The preparation is very similar to the pasta dish I shared with you earlier in the week, except that I switched up the kind of pasta and a few of the supporting ingredients.
Here's what I love about this simple pasta dish . . . The lemon vinaigrette that initially coats the pasta brightens the whole dish, especially the asparagus . . . and then you have the earthy flavor of the shiitake, and the salty bite from the pancetta (or bacon, if you like!) to round out the dish. . . AND THEN it's coated in the LIGHT cream sauce, making for a delicious dish. YUM!

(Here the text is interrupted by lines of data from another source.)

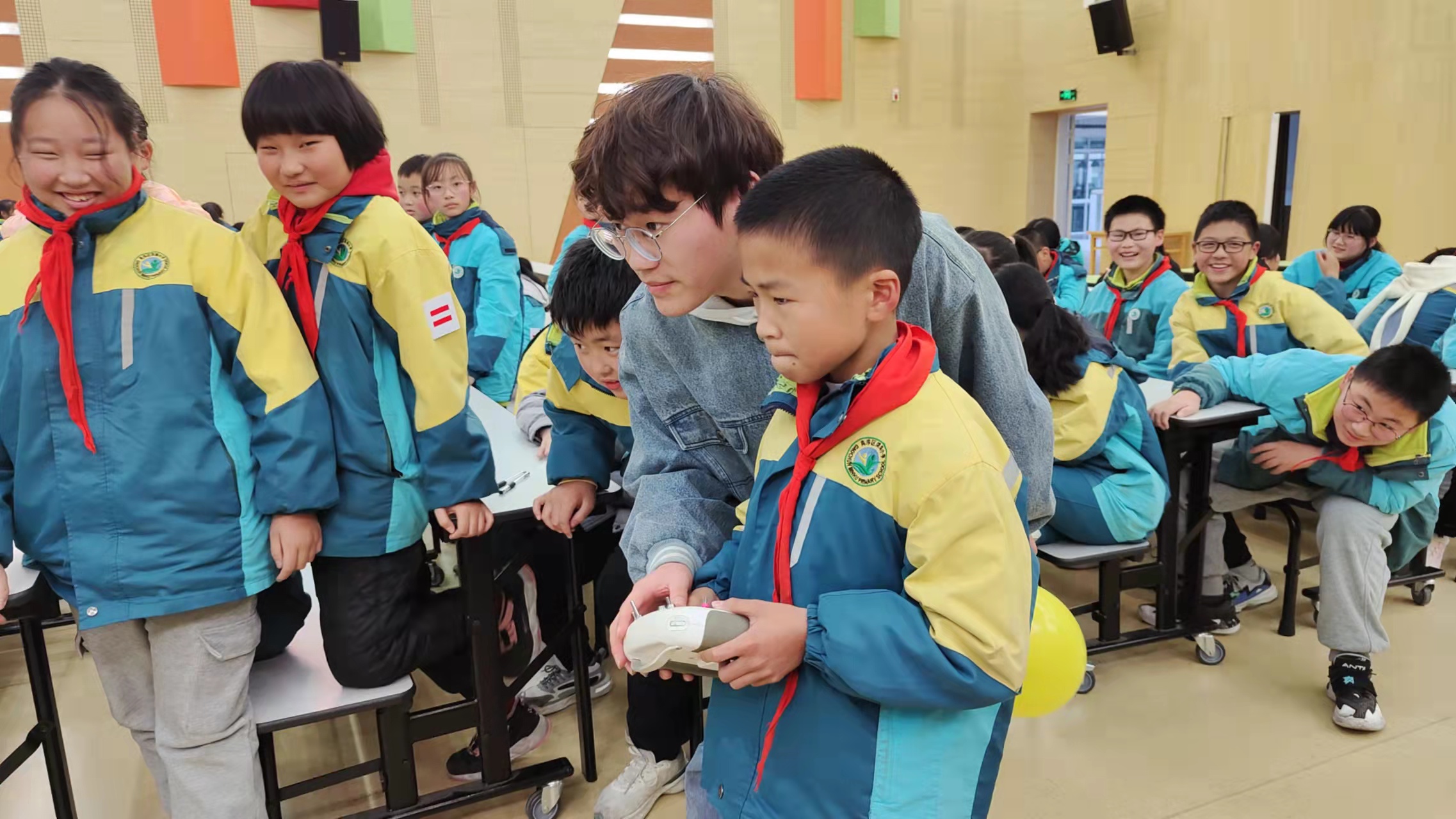 首先,朱老师通过精彩的讲解将学生带入机器人的世界,引起全场学生的好奇心和沸腾。随后,朱老师带领机器人社团社员们和同学们玩起互动游戏——机器人扎气球比赛。这短暂快乐的时光在气球的爆炸声和同学们的欢声笑语中过去,同学们也拥有了全新的体验,也在体验游戏的过程中加深了对智能机器人的兴趣爱好。
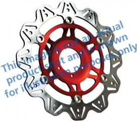 Article Number : VR626RED EAN :5050953626104 Hand built and inspected to minute tolerances Ultra lightweight but strong Patented square drive button system Designed as an OEM improvement Café racer visuals Great fit and superb looks Red centre hub These discs are British made using German mill...
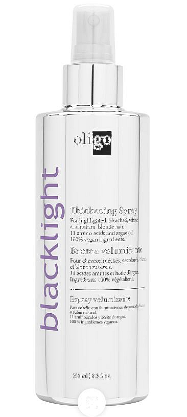 The Blacklight Thickening Spray increases fullness, adds instant lift, and creates volume with a smooth finish. • Offers 25% faster blow dry time • Shine and smoothness • Colour protection • Heat protection
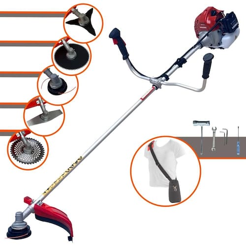 Com guidão ergonômico lateral, permite um alcance amplo e maior mobilidade, capaz de aumentar a produtividade diária. Possui motor 2 tempos á gasolina, de 43 Cilindradas; 1,7HP de potência que proporcionam maior performance e economia na operação. Seu conjunto de acessórios inclui kit de ferramentas, cinto de suporte almofadado, carretel de nylon e lâmina de corte 3 pontas.

penne with asparagus, shiitake, and pancetta
. . . . . . . . .
salt
salt
12 oz. dried penne rigate
1/4 cup extra-virgin olive oil
1 medium lemon, finely grated to yield 1 tsp. zest; squeezed
to yield 3 Tbs. juice
3/4 oz. thinly sliced pancetta, about 6 slices
12 oz. fresh shiitake, stemmed and sliced 1/4 inch thick (6
cups)
3 medium cloves garlic, minced
1 lb. medium-thick asparagus, trimmed and cut on the
diagonal into 2-inch pieces
2 cups low-sodium chicken broth
3 oz. mascarpone, at room temperature
3 oz. coarsely grated Parmigiano-Reggiano (3/4 cup); more,
shaved, for serving
Freshly ground black pepper
. . . . . . . . .
Preparation
Bring a large pot of well-salted water to a boil. Cook the
pasta according to package directions.
While the pasta cooks, whisk 2 Tablespoons of the olive oil with
the lemon juice and zest in a small bowl.
Drain the pasta.
Return the pasta to the pot and toss with the lemon mixture; set aside.
. . . . . . . . .
In a 12-inch skillet, cook the pancetta in the remaining 2
Tablespoons olive oil over medium heat, turning once or twice until crisp and golden,
about 7 minutes; transfer to paper towels.

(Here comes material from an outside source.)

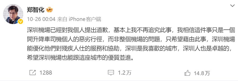 放过郑智化吧! 当你切身处地的换位思考一下,“连滚带爬”其实就很容易理解了。 郑智化10月25日14:39登上飞机,14:59就发出微博。 可见他当时真是气愤到一定程度下的发泄,而不是深思熟虑后的抹黑。 郑智化进机舱的视频确实不像他说的“连滚带爬”,深圳机场的服务也没有“没人性”。 但深圳机场升降车与机门间的25公分的落差是实实在在的,对残障人士的拦阻也是实打实的。 作为一个有明星光环的残障人士, 郑智化希望的登机是:不用惊动任何人,一个人操纵轮椅就把事情办了。 但是当时的条件不可以,他只能被提溜起来,被工作人员兴师动众地腾挪进机舱。 这对他来说本身已经是一种屈辱了。 打个比方:就好像一只鼻涕虫在黑暗角落安安静静地流着鼻涕,突然被闪光灯照射公布在大家面前,看!它好脏啊! 但很多人无法理解这种“本可以自力更生,却被迫依赖他人”的屈辱感。 大多数健康人对于此事的感受是:残障人士本该寸步难行,但那么多人“服侍”你,让你顺利登机,你还有什么不满意的?不说感激还愤怒什么?是不是有点矫情? 但残疾人的认知是什么?这个社会本应有我的容身之地,本应为我提供方便,以便我能独立自主,而不是整出一大群人围着我,让我看起来像是一种拖累。 国际残疾人联盟与麻省理工数据实验室在《残疾人:从统计可见度到权利行使(2025)》报告中指出,全球残障人口占比15%,约12亿人。 就中国而言,残障人口约8500万,占全国总人口的6.34%,也就是说每100人中就有6个残障人士,但很奇怪的是,我们的生活中好像很少看到残障人士。 是家里太好不舍得出门吗? 郑智化事件是一个很好的契机,残疾人士出行难的普遍困境被曝光出来,我们国家对此的重视程度很显然是不够的,是有待提高的。 这是一件好事,希望大家不要把关注重点放在“围剿”郑智化身上,关注残疾人士出行难才是重点。

Add the shiitake to the skillet and cook over medium-high
heat, stirring occasionally, until browned in spots, about 7 minutes. Add the
garlic and cook, stirring, until fragrant, about 30 seconds. Transfer to the
pasta pot.
Add the asparagus to the skillet. Cook, stirring often, until bright green and crisp-tender, 2 to 3 minutes.
Add the asparagus to the skillet. Cook, stirring often, until bright green and crisp-tender, 2 to 3 minutes.
Now add the chicken broth to the skillet and bring to a boil; scrape up any browned bits AND cook until it’s reduced by half, about 5 minutes. Lower the heat to medium low and whisk in the mascarpone, whisking until the cheese is dissolved into the broth. Continue to cook until slightly thickened, about 2 minutes more.
Return the pasta and shiitake to the skillet and cook until heated through, about 2 minutes.
Add grated cheese, 1 teaspoon salt, and 1/2 teaspoon pepper; toss to combine,
Sprinkle cooked pancetta, and top with shaved Parmigiano-Reggiano.